● TASK TO COMPLETE: An exact reproduction of the entries is needed. Keep all pictures out of it.

+ + + + + + +

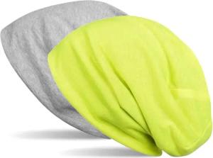 Beanie Wendemütze in Unifarben, Slouch Mütze, leicht und weich, Longbeanie, Unisex 04024115, Farbe:Grau meliert/Neongelb
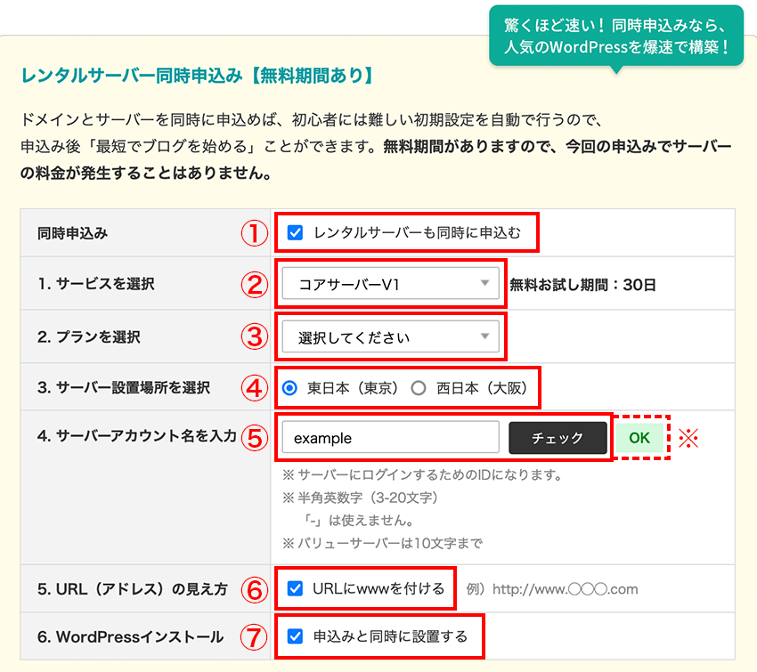 5同時にレンタルサーバーを申し込む場合は以下を選択します。
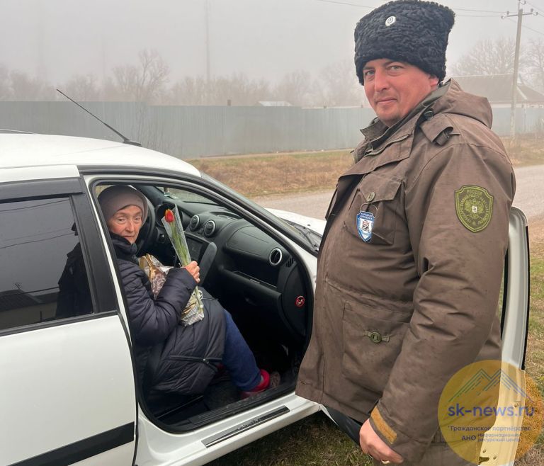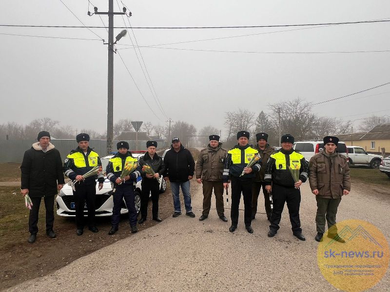В четверг 7 марта казаки-дружинники совместно с сотрудниками ГИБДД вышли на дежурство с букетами цветов и вручили их женщинам за рулём.
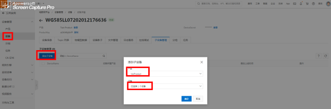 项目生成后,点击“设备管理”选择“设备”,选取右边“添加设备”。
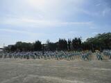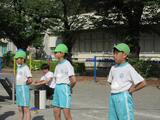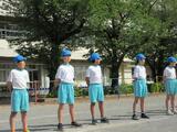 今日は、体操隊形について全員で確認しました。体操ができるように、個々の間隔を開けて広がることを「体操隊形に開く」といいます。高学年の児童はさっと行動し、きれいな隊形を作ることができますが、1年生は、全体に対する自分の位置を把握することがとても難しく、なかなか間隔を開けて整列することができません。そこで、体育委員の児童が1年生の背中を優しく押したり、「こっちだよ。」と声をかけたりして手伝っていました。
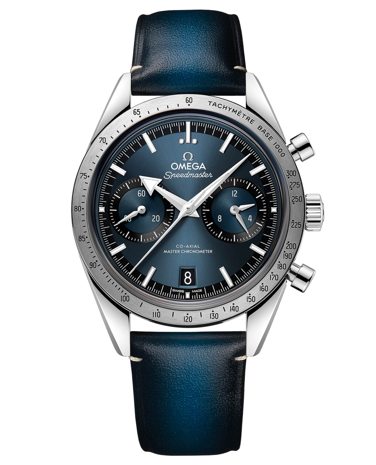 Speedmaster — это не просто часы, а живая легенда OMEGA, прошедшая через все шесть лунных миссий и ставшая олицетворением смелости человеческого духа. 40,5-миллиметровый корпус из нержавеющей стали, вдохновленный легендарным дизайном 1957 года, сочетается с глубоким черным циферблатом, где каждый элемент продуман до мелочей. Углубленные часовые метки, подсвеченные винтажным составом Super-LumiNova, создают неповторимый образ. Стрелки «Broad Arrow» с родиевым покрытием гармонично сочетаются с функциональными элементами: указателем даты на «6 часах», малой секундной стрелкой на «9 часах» и счетчиками хронографаХронографФункция позволяет измерять отрезки времени с особой точностью: часы, минуты, секунды. Верным признаком хронографа является наличие на циферблате 3 дополнительных окошек-счётчиков. на «3 часах». Сатинированный безельБезельВнешний ободок, закрепляющий стекло. В спортивных часах так называется поворотное кольцо с делениями на циферблате, выполняет роль таймера – замеряет отрезки времени на шкале. Неподвижный безель – элемент декора. Однонаправленно вращающийся безель на дайверских часах позволяет фиксировать моменты погружения и выныривания на поверхность. с черненой тахиметрической шкалой придает часам спортивный характер, а плоское сапфировое стеклоСапфировое стеклоПрочный и надёжный материал из кристалла сапфира синтетического происхождения, характеризующийся особой твёрдостью и устойчивостью к царапинам и повреждениям. задней крышки с антибликовым покрытием эффектно демонстрирует гравировку «Speedmaster '57». Внутри бьется сердце этих часов — калибр OMEGA Co-Axial Master Chronometer 9906 с ручным заводом, воплощающий в себе лучшие традиции часового искусства. Завершает образ ремешок из кожи синего цвета с застежкой, украшенной рельефным логотипом OMEGA.
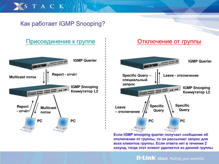 - Активне відстеження. Не лише пасивно слухає трафік, але і фільтрує його з метою ефективного використання мультивещания в мережі. Активний IGMP snooping мінімізує обмін інформацією, відсіваючи запити до роутера на підключення і відключення. Ідеальний стан комутатора – наявність одного споживача на кожну мультикастовую групу мовлення, до чого прагне алгоритм протоколу.
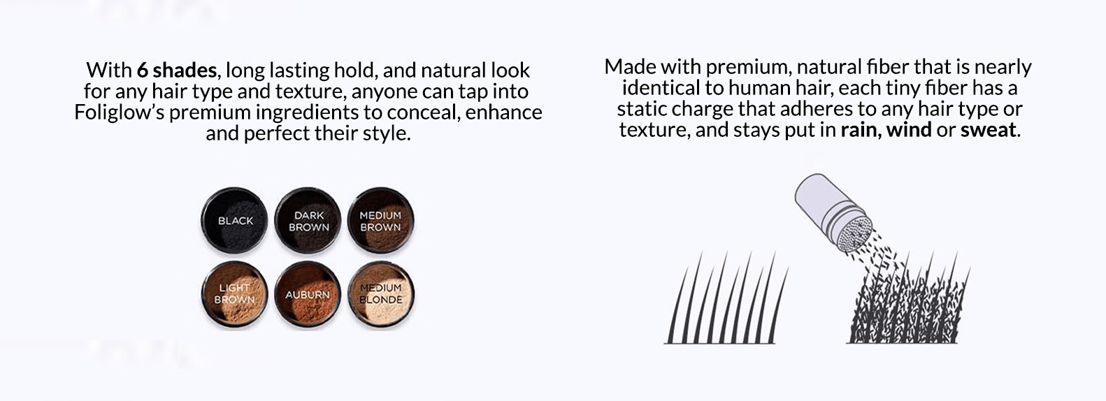 FOLIGLOW Building Fibers stay firmly in place even in wind, rain and perspiration. For even longer-lasting results and added shine, use FOLIGLOW Fiber hold spray.
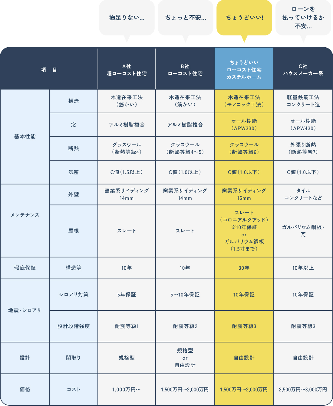 カステルホームでは、基本性能と標準装備される仕様をHP上で公開するようにしています。
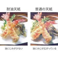 約10cm角のミニサイズの耐油天紙です。耐油天紙は長時間経過しても油がにじみにくく天ぷらがべとつかず揚げたての美味しさを保ちます。余分な油が器にこびりつきにくく後片付けが簡単です。
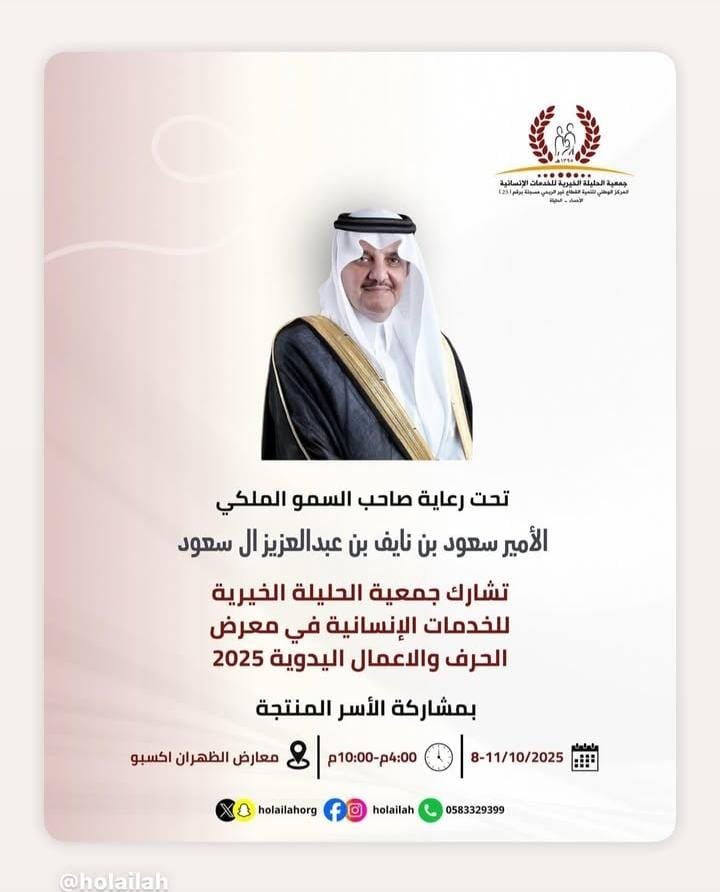 🎪📅 فعالية: معرض الحرف والأعمال اليدوية 2025 – برعاية الأمير سعود بن نايف
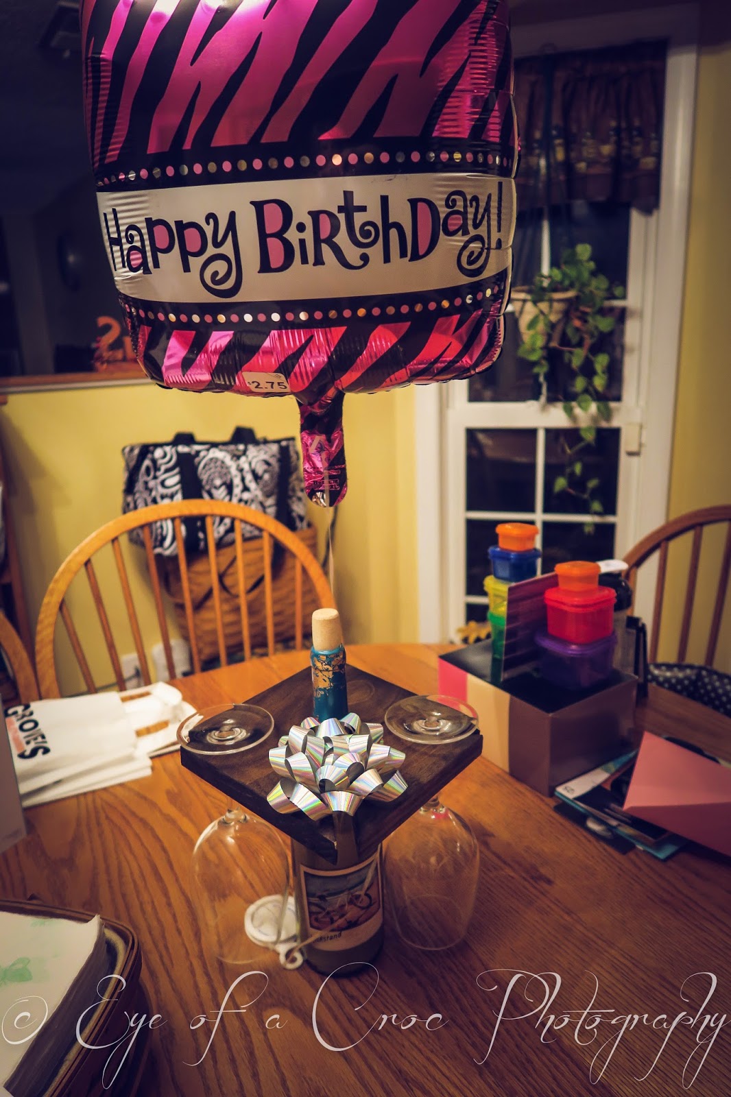 Wine glass holder and glasses with gift cert to one of my FAV places in OC – from Cierra (aka C) and Blake

+ + + + + + +

● RESULT OF THE TASK:
 Beanie Wendemütze in Unifarben, Slouch Mütze, leicht und weich, Longbeanie, Unisex 04024115, Farbe:Grau meliert/Neongelb
 5同時にレンタルサーバーを申し込む場合は以下を選択します。
В четверг 7 марта казаки-дружинники совместно с сотрудниками ГИБДД вышли на дежурство с букетами цветов и вручили их женщинам за рулём.
 项目生成后,点击“设备管理”选择“设备”,选取右边“添加设备”。
 今日は、体操隊形について全員で確認しました。体操ができるように、個々の間隔を開けて広がることを「体操隊形に開く」といいます。高学年の児童はさっと行動し、きれいな隊形を作ることができますが、1年生は、全体に対する自分の位置を把握することがとても難しく、なかなか間隔を開けて整列することができません。そこで、体育委員の児童が1年生の背中を優しく押したり、「こっちだよ。」と声をかけたりして手伝っていました。
 Speedmaster — это не просто часы, а живая легенда OMEGA, прошедшая через все шесть лунных миссий и ставшая олицетворением смелости человеческого духа. 40,5-миллиметровый корпус из нержавеющей стали, вдохновленный легендарным дизайном 1957 года, сочетается с глубоким черным циферблатом, где каждый элемент продуман до мелочей. Углубленные часовые метки, подсвеченные винтажным составом Super-LumiNova, создают неповторимый образ. Стрелки «Broad Arrow» с родиевым покрытием гармонично сочетаются с функциональными элементами: указателем даты на «6 часах», малой секундной стрелкой на «9 часах» и счетчиками хронографаХронографФункция позволяет измерять отрезки времени с особой точностью: часы, минуты, секунды. Верным признаком хронографа является наличие на циферблате 3 дополнительных окошек-счётчиков. на «3 часах». Сатинированный безельБезельВнешний ободок, закрепляющий стекло. В спортивных часах так называется поворотное кольцо с делениями на циферблате, выполняет роль таймера – замеряет отрезки времени на шкале. Неподвижный безель – элемент декора. Однонаправленно вращающийся безель на дайверских часах позволяет фиксировать моменты погружения и выныривания на поверхность. с черненой тахиметрической шкалой придает часам спортивный характер, а плоское сапфировое стеклоСапфировое стеклоПрочный и надёжный материал из кристалла сапфира синтетического происхождения, характеризующийся особой твёрдостью и устойчивостью к царапинам и повреждениям. задней крышки с антибликовым покрытием эффектно демонстрирует гравировку «Speedmaster '57». Внутри бьется сердце этих часов — калибр OMEGA Co-Axial Master Chronometer 9906 с ручным заводом, воплощающий в себе лучшие традиции часового искусства. Завершает образ ремешок из кожи синего цвета с застежкой, украшенной рельефным логотипом OMEGA.
 - Активне відстеження. Не лише пасивно слухає трафік, але і фільтрує його з метою ефективного використання мультивещания в мережі. Активний IGMP snooping мінімізує обмін інформацією, відсіваючи запити до роутера на підключення і відключення. Ідеальний стан комутатора – наявність одного споживача на кожну мультикастовую групу мовлення, до чого прагне алгоритм протоколу.
 FOLIGLOW Building Fibers stay firmly in place even in wind, rain and perspiration. For even longer-lasting results and added shine, use FOLIGLOW Fiber hold spray.
 カステルホームでは、基本性能と標準装備される仕様をHP上で公開するようにしています。
 約10cm角のミニサイズの耐油天紙です。耐油天紙は長時間経過しても油がにじみにくく天ぷらがべとつかず揚げたての美味しさを保ちます。余分な油が器にこびりつきにくく後片付けが簡単です。
 🎪📅 فعالية: معرض الحرف والأعمال اليدوية 2025 – برعاية الأمير سعود بن نايف
 Wine glass holder and glasses with gift cert to one of my FAV places in OC – from Cierra (aka C) and Blake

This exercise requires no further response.